Like many plesiosaurs, elasmosaurids are easily recognizable by their compact, streamlined bodies, long paddle-like limbs, short tails, proportionately small heads, and very elongated necks. Most representatives adopt sizes ranging from more than 8 m in length. The largest known member of this family, Albertonectes, would have reached a length of 12.1 m with a body mass of 3.1 MT. A referred specimen of Aristonectes that was discovered in Seymour Island, Antarctica, is view to be one of the largest and heaviest plesiosaurs identified to date, estimated in a 2019 study at between 11 and 11.9 m long for body mass of 10.7–13.5 MT. (Note: The body mass estimate of the 2019 study is based on authors' assumption that Cryptoclidus and Aristonectes would have had similar body proportions.) One of the smallest known elasmosaurids, Kawanectes, reached a length of 3.8–4.2 m in adulthood.

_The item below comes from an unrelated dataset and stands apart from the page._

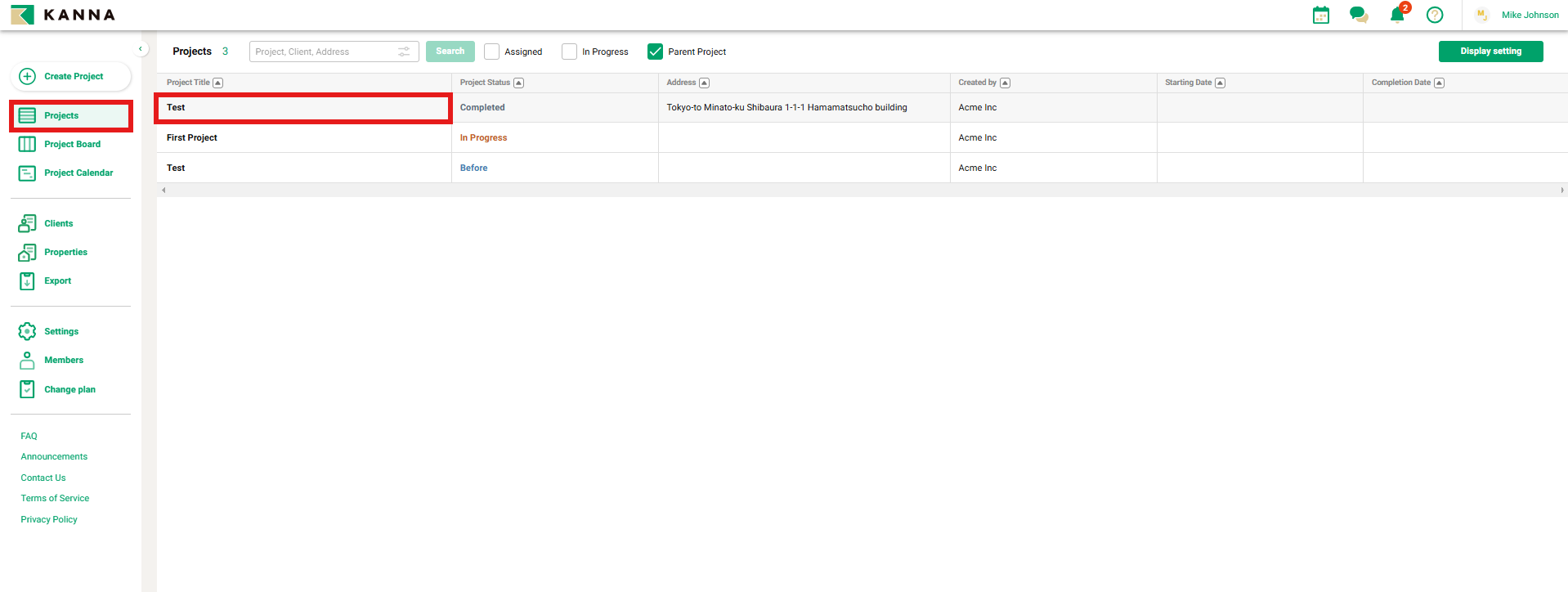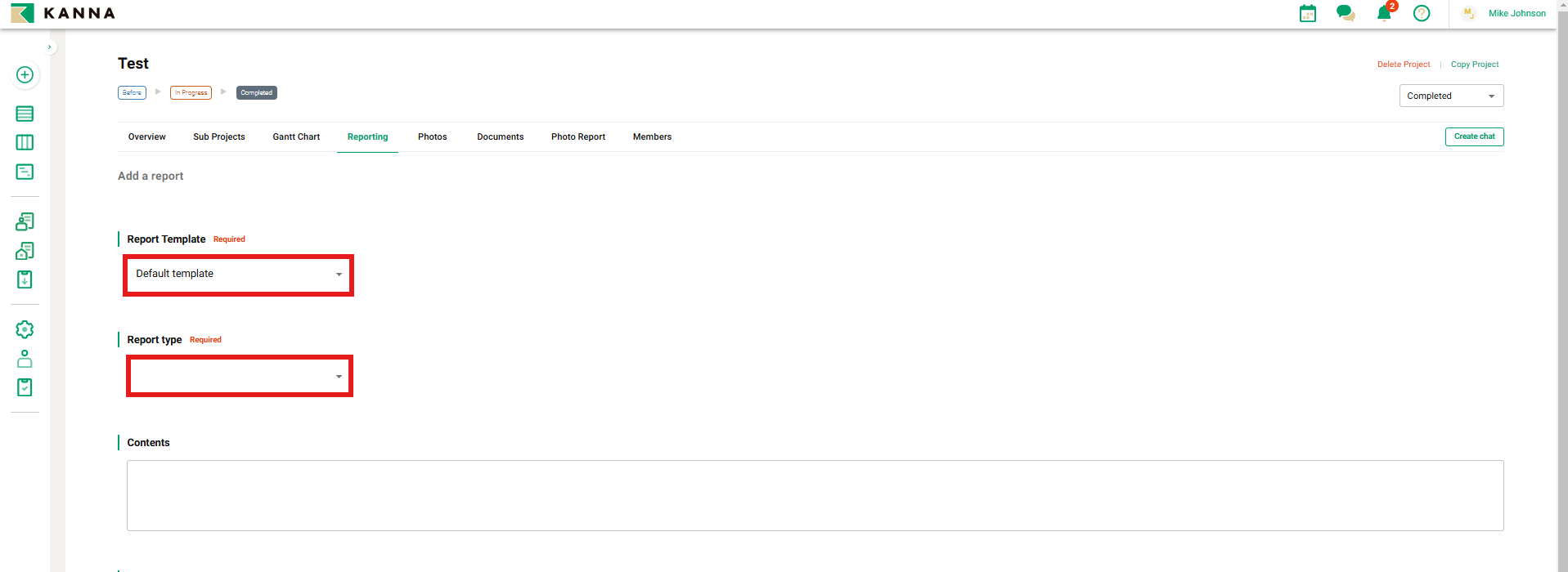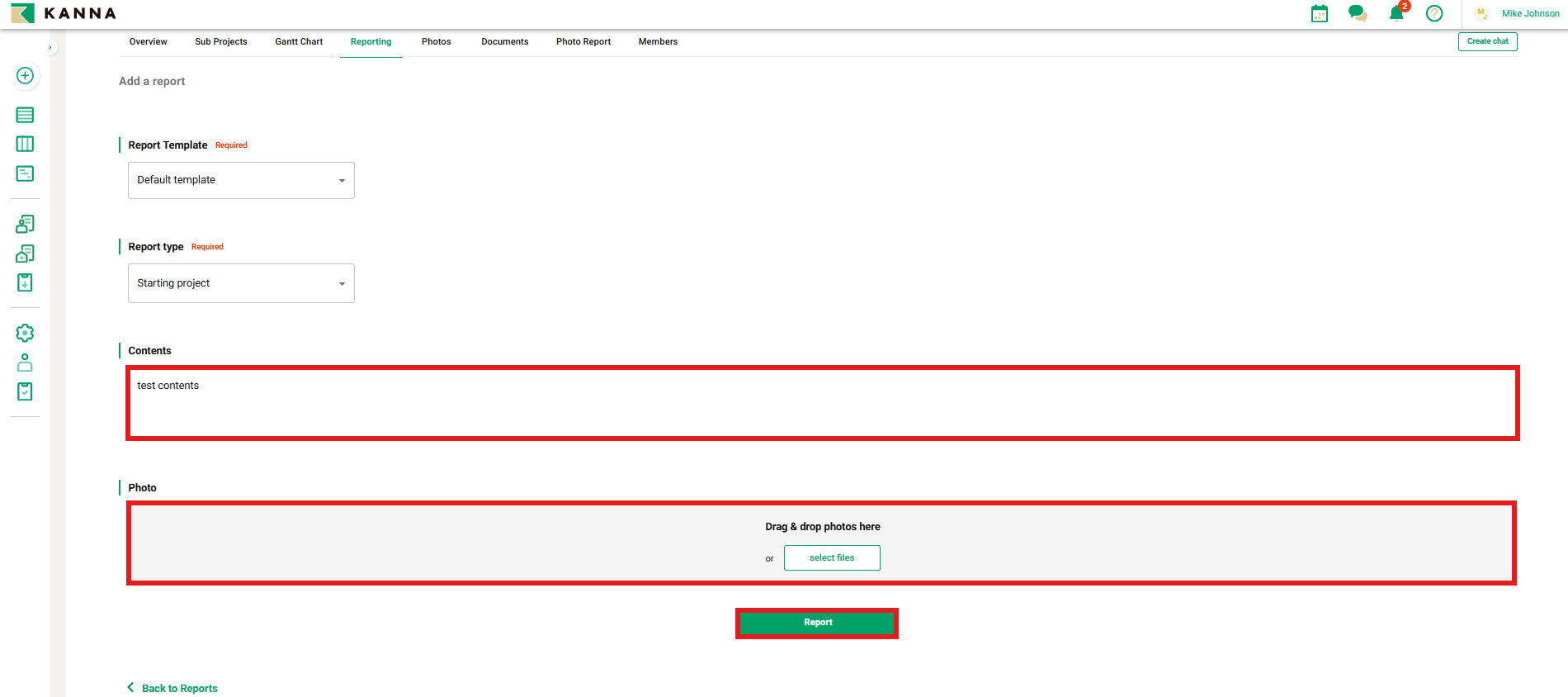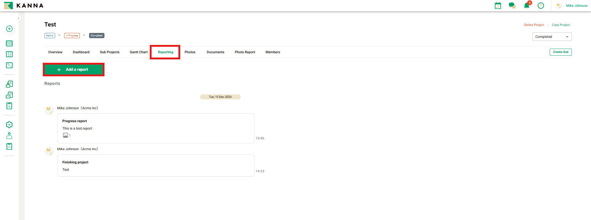 Di KANNA, Anda dapat menambahkan laporan untuk setiap proyek.

The skull of elasmosaurids are mainly slender and triangular in shape. The lateral edges of the orbits are characterized by a convex lateral edge. A large majority of representatives of the group have a their generally heterodont (irregular throughout the jaws) dentition, with the teeth becoming progressively smaller from front to back, with the larger ones shaped like large fangs. These representatives have generally five teeth in the premaxillae (which form the front of the upper jaw), 14 teeth in the maxillae (the largest tooth bearing bone of the upper jaw), and between 17 and 19 in the dentary bones (the main part of the lower jaw). The tooth crowns are all slender and possess an oval to subcircular cross-section. Their surfaces are generally ornamented with fine longitudinal ridges extending from the base to the apex of the crown. The roots are cylindrical in shape and commonly exhibit resorption scars associated with the continuous replacement of the teeth. Aristonectines teeth are more numerous but are considerably smaller, having a homodont dentition, all the teeth being similar in shape.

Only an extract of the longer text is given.